これらの愁訴は通常、誤嚥後または1〜6時間後、まれに12時間後に発生し、患者の不安の増加、呼気性呼吸困難、頻脈、チアノーゼとして現れます。
ほとんどの場合、誤嚥症候群は、血圧(BP)の低下や、心停止に至るまでの心血管系の他の障害を伴います。
持続性のチアノーゼがあり、100%の濃度で酸素を供給してもクリアされません。
肺の聴診では、喘鳴が聞こえ、下部ではパチパチという音がします。
急性呼吸不全の進行に伴い、Pa02は35〜45mmHgに減少します。 アート、肺血管抵抗が増加します。
誤嚥症候群がさらに進行すると、肺からのその臨床症状は急性呼吸窮迫症候群の診療所に対応します。
誤嚥症候群の患者のX線検査は、いわゆる「影響を受けた肺」を明らかにする可能性があります:風通しの悪い領域、肺組織のびまん性の黒ずみ。
中程度の酸または中性反応を示す胃内容物の誤嚥により、症候群は比較的有利に進行する可能性があります。
少量の誤嚥では、右肺の下葉への損傷に限定されることが多く、右下葉肺炎の臨床像として現れます。
誤嚥症候群の患者:緊急治療
誤嚥症候群が発症すると、ベッドまたは手術台の頭をすばやく下げて中咽頭から胃内容物を排出し、電気吸引または鉗子を取り付けたパッドで空洞を洗浄する必要があります。
喉頭鏡で声門を予備検査した後、気管に挿管することが急務です。
この時点で頭と胴体を上げると、再吸気の可能性が妨げられる可能性があります。
気管内チューブを気管に挿入した後、そのカフを膨らませる必要があります。これは、胃内容物が気道に再び入るのを防ぐのに役立ちます。
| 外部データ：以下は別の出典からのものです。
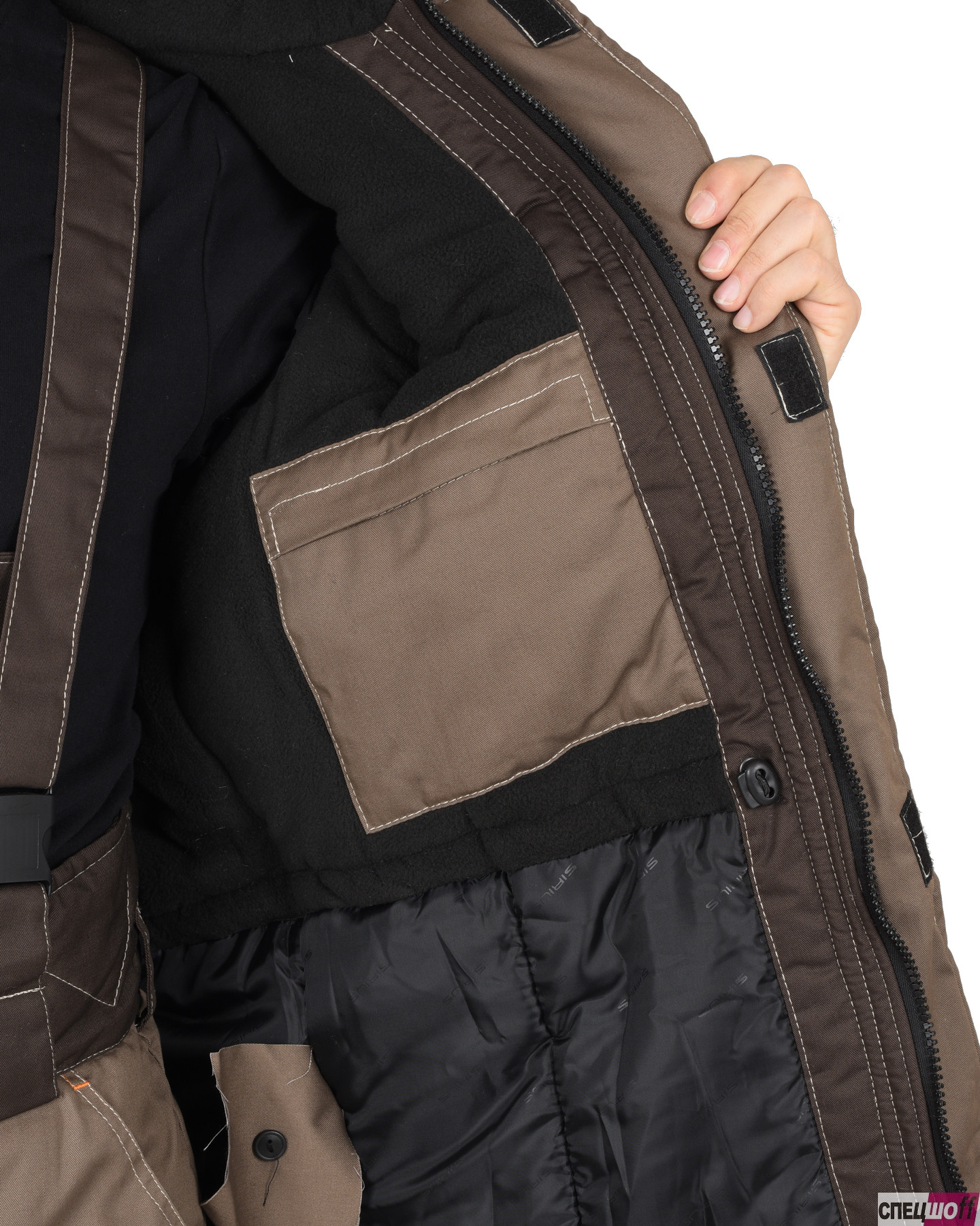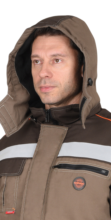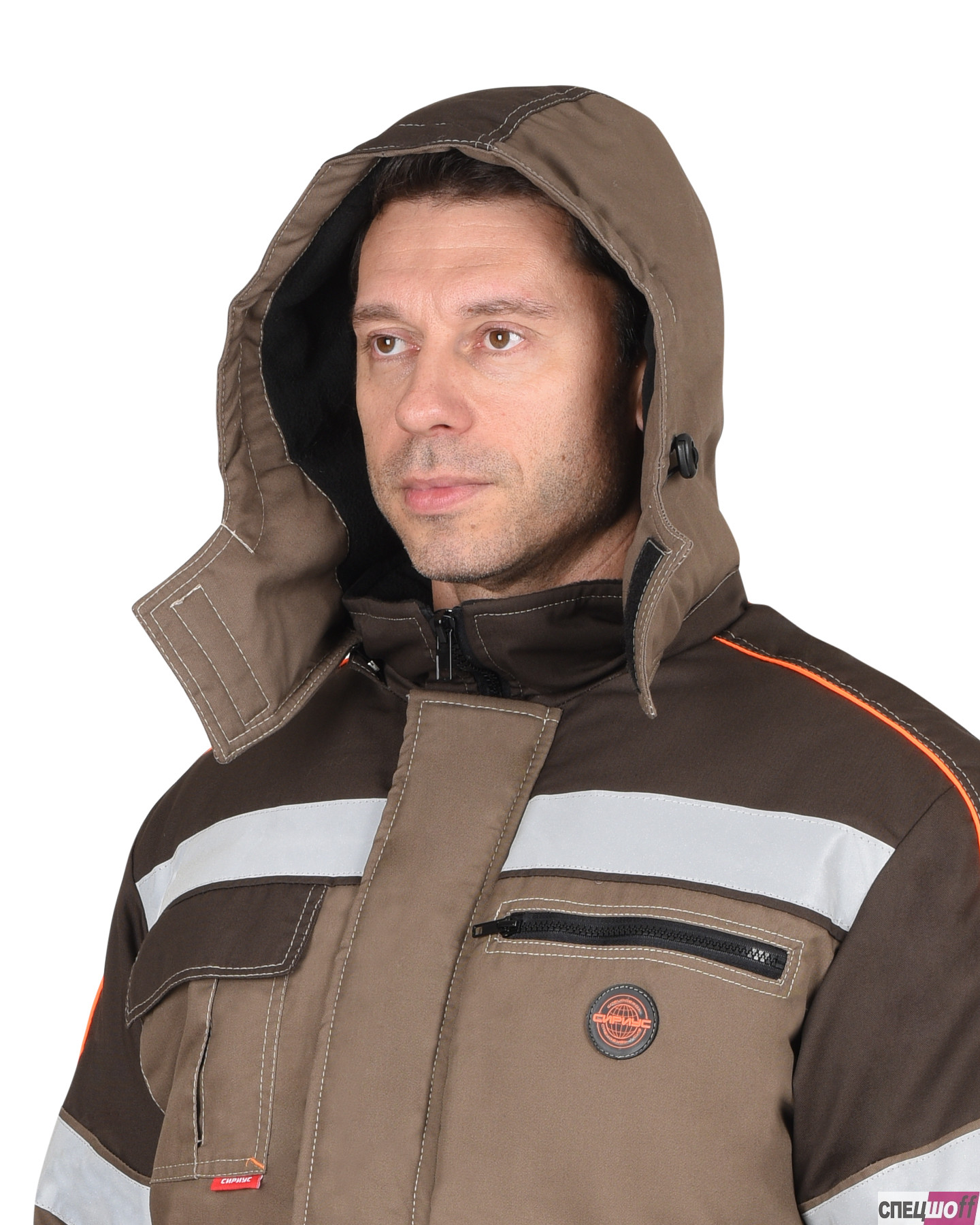 Куртка прямого силуэта, удлиненная, с притачной утепленной подкладкой, ветрозащитной прокладкой, центральной застежкой на молнию до верха, внешней ветрозащитным клапаном, застегивается на потайные липучки, воротником стойка, с различными функциональными карманами. Рукава втачные с отрезной манжетой, с частичной стяжкой на резинку. Куртка со съёмным капюшоном, с возможностью надевания на каску. В куртке предусмотрено крепление бейджа.

誤嚥の最初の数分以内でさえ、患者は心血管蘇生法を必要とします。
挿管後、気管内チューブに挿入され、電気吸引器に接続されたカテーテルを使用して、気道から吸引物をすばやく除去する必要があります。
気管と気管支から吸引物を完全に除去するための努力がなされるべきである。
気管と気管支からの吸引物の緊急吸引は、患者による咳に加えて、吸引の30〜60分後に行われる気管支鏡検査よりも気道開存性の回復にはるかに効果的です。
緊急治療措置の後、気管支洗浄の実施を開始する必要があります。この洗浄には、重炭酸ナトリウム(0.9バイアル– 10ミリモル)を加えた少量の15%塩化ナトリウム溶液(1〜44 ml)を使用します。 溶液の総量は30-50mlに調整されます。
気管支肺吸引の初期には、通常、純粋な酸素が使用されます。
効果的な自発呼吸がない場合は、人工呼吸を行い、動脈血酸素飽和度を90〜95%に維持します。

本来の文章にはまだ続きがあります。